Make sure that the name is DNS complaint and follows AWS' bucket restrictions. https://docs.aws.amazon.com/AmazonS3/latest/dev/BucketRestrictions.html For each environment, make sure its different (ie prod, stage, dev)

eg. sharvil.chameleon.prod, sharvil.chameleon.stage ...

Export the refresh rate in whole minutes for your system in your node environment variables. (CHAMELEON_REFRESH_RATE)

export CHAMELEON_REFRESH_RATE = 1;

Getting Started

High Level Definitions

CHAMELEON_S3_BUCKET_NAME

This is the main bucket in S3 that is created by the framework which has everything. Export it as a env variable. Make sure its DNS complaint.

CHAMELEON_REFRESH_RATE

This is the rate in minutes at which the indexes refresh (ie. pull from S3 into memory). Default is 5 minutes. Export it as a env variable. Make sure its an integer value, eg. 1 / 2 / 4 ......

instance (Eg. paywall)

This is the name of the portion of your backend you wanna A/B test. Eg. if you want to test different paywalls from the backend, the instance name would be paywall or whatever you like. Make Sure its Unique. There would be one folder for each instance in the main bucket.

index.json

This stores the information for the chameleon to initialize and store indexes. There would be one main index.json and individual ones within each instance folder.

experiment

Each instance will have experiments. Each experiment will be a folder within the instance folder. It will contain all the variation JSON files for that experiment. Each experiment has a name and id. Folder name will be experimentName-experimentId. Every instance will always have ONE ACTIVE experiment at a time. Every instance can have a max of 10 experiments (if that number overflows you need to offload/archive the unneded experiments) (Of course you can unarchive experiments but the MAX limit is strictly followed there too). This is to keep a check of the in-memory data for the framework.

variation

Each experiments have variations that need to be tested against a user. These are stores as JSON files in the s3 folder. Each variation has a name and id. File name will be variationName-variationId.

control

Control is basically the default variation. Follows the same rules as a variation. You always need a control while creating experiments.

Directory Structure in S3

ab.testing.chameleon/
    - index.json
    - paywall
        -index.json
        -experiment-1
            -variation-1.json
            -variation-2.json
            -variation-3.json
    - onboarding
        -index.json
        -experiment-1
            -variation-1.json

Low Level Definitions

template

For an instance, there is always a JSON template associated with it. Each created variation has to follow the template or it will throw an error while creating the experiment. The template is defined at the code level where the chameleon instance is initialized and used to get variations for the user.

active experiment

Each instance can have multiple experiments. But only one active one.

archived experiment

You can archive experiments to make way for new experiments coz of the MAX 10 experiments per instance limit.

splits

You can specify the traffic you want to split for the experiments .. This is a array of integers that add up to 100. As in if an experiment has 3 total variations (control + 2 variations) and you want 70% of your traffic to go to control, 20% to variation1 and 10% to variation2 then the splits array = 70, 20, 10 Always has to add to 100. And length should be same as the number of variations of that experiment. This is optional. If not specified, then equal splits are taken into consideration.

bucketing

This currently uses murmurhash to hash the unique Id specified while getting variation. This hash is then used to return the appropriate variation/bucket.

Initialization

Ofcourse require the module. Create a template JSON. Call the getInstance method with the name and the template to get the chameleon object. Use this chameleon object's method to do all the things required. Mainly getVariation ... and other management method as create, activate... experiments.

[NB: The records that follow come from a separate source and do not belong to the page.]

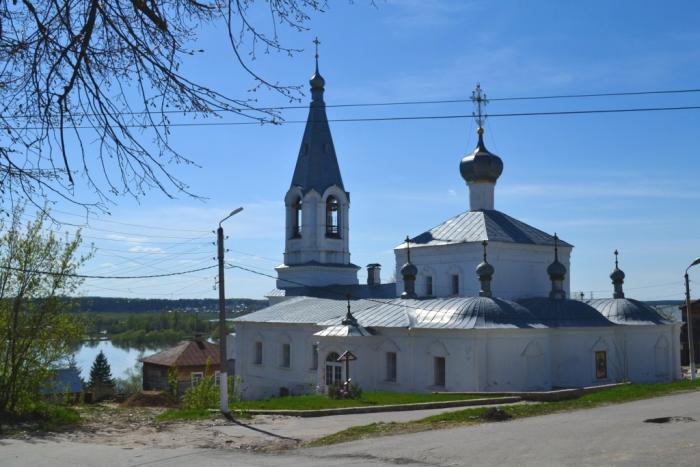 Благовещенская церковь с ажурным кованым крестом на куполе (построена в 1740 году, колокольня при ней — в 1868 году) расположена ниже к реке.
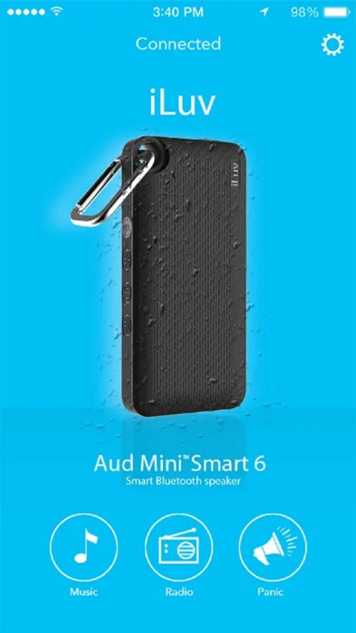 Share your favorite songs at your next party with Aud Mini Smart 6. Slim and compact, this portable Bluetooth speaker is as small as the iPhone 6 but delivers big, full-range sound that everyone will enjoy. Its small size makes it easy to carry by hand and it can also be clipped to bags or purses with its carabiner. Aud Mini Smart 6 works with an easy-to-use app that lets you pair your devices, stream music wirelessly and listen to FM radio. Additional features such as a rugged splash-proof design, hands-free calling and a panic alarm make Aud Mini Smart 6 a great on-the-go speaker.
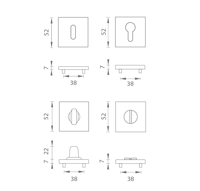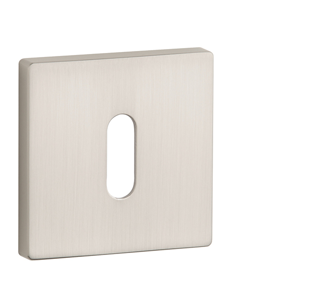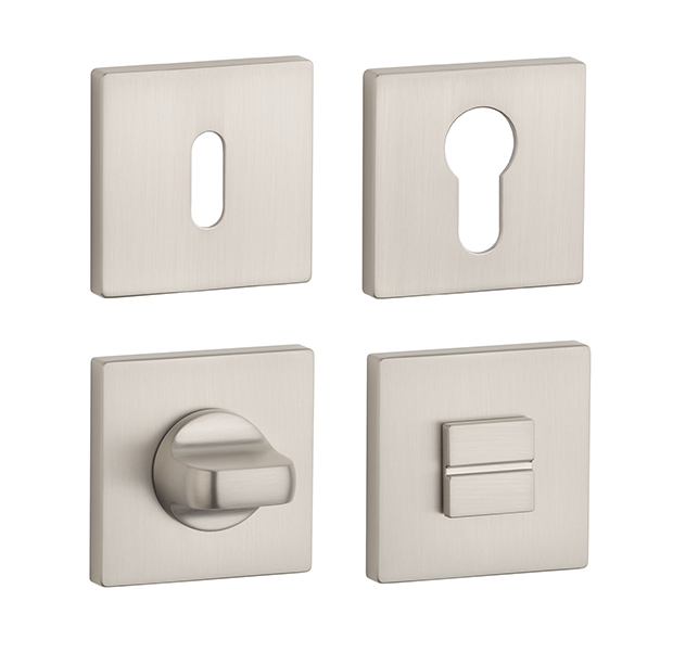 Hranatá rozeta je vyrobena z materiálů vysoké kvality - zamak a je povrchově upravena. Rozeta má rozměry 52 x 52 mm, tloušťku 7 mm a oválný otvor pro interiérový klíč (BB), otvor pro cylindrickou vložku (PZ), WC set s vmontovaným klíčem. Balení obsahuje 2 kusy rozet (pár) a rozety WC jsou v balení jako set.
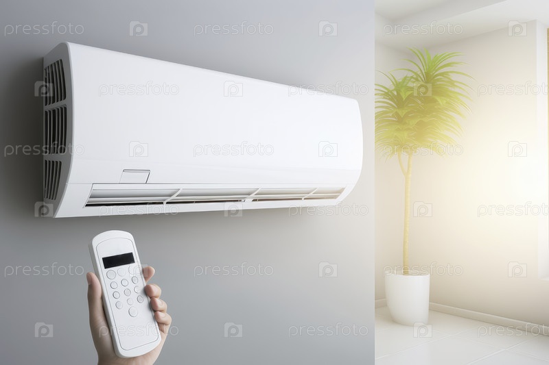 Кондиционер, контроль температуры с пульта, охлаждение. Копировать пространство

const chameleon = require('aws-chameleon');
const template = {
  html: ''
};
const instanceName = 'paywall';
const options = {
  hash_seed: 2             // optional:default hash of the instanceName
};
const chameleonInstance = chameleon.getInstance(instanceName, template, options);

Options:

hash_seed (number):

Default: a hash of the instanceName converted to a number. If you specify the hash_seed make sure it is a number (usually between 1-500). This basically uses this hash_seed while bucketing the Id into a variation of the active experiment. This was added because when we have more than 1 instances running by themselves, the id that get's hashed to the 1st bucket of 1st active instance experiment, will also get hashed to the 1st of 2nd active instance experiment. To randomize this selection critiria, we use the hash_seed.

skip_template_validation (boolean):

False (default): The template is a way to make sure control and variations follow a given structure and that structure isn't changed by code updates, or by new experiments' control/variations once the instance has been created. This behavior can by skipped, in which case, clients getting variation data should have mechanisms to ensure the variation data is valid and perhaps defaults to fallback to.

(deprecated) run_by_itself (boolean):

(defaulted to true): All instances run on their own ie. all users will go through all instances. We do not pool the active instances and split the user traffic into those pooled instances. Instead we include a hash_seed for the instance itself, so that the users are randomized into all the active instances and statistically it won't interfer with the results.

Methods

Main Chameleon

const chameleon = require('aws-chameleon');

Using the main chameleon object you can call the following methods

getInstance(instanceName, template)

DOES NOT RETURN A PROMISE

This method is used to initialize and get an object of chameleon for that instance.

input:
    - instanceName:String (name of the instance/part of the backend to be tested)
    - template:JSON object (template of the expected variation)
    - options:JSON object (optional options ** See definition above **)
output:
    - chameleon instance object that can be used to get veriations and manage experiments (check below)

getAllInstances()

RETURNS A PROMISE

This method return a list of all the available instance created in S3 from the backend.

input:
    - N/A
output:
    - Array of instanceNames (eg. onboarding, paywall, price) as a promise

getActiveInstances()

RETURNS A PROMISE

This method return a list of all active instances on the backend. Active meaning, all the instances that have an active experiment. All the incoming traffic will be divided into these active experiments equally. It is a subset of the array returned by getAllInstances().

input:
    - N/A
output:
    - Array of instanceNames (eg. onboarding)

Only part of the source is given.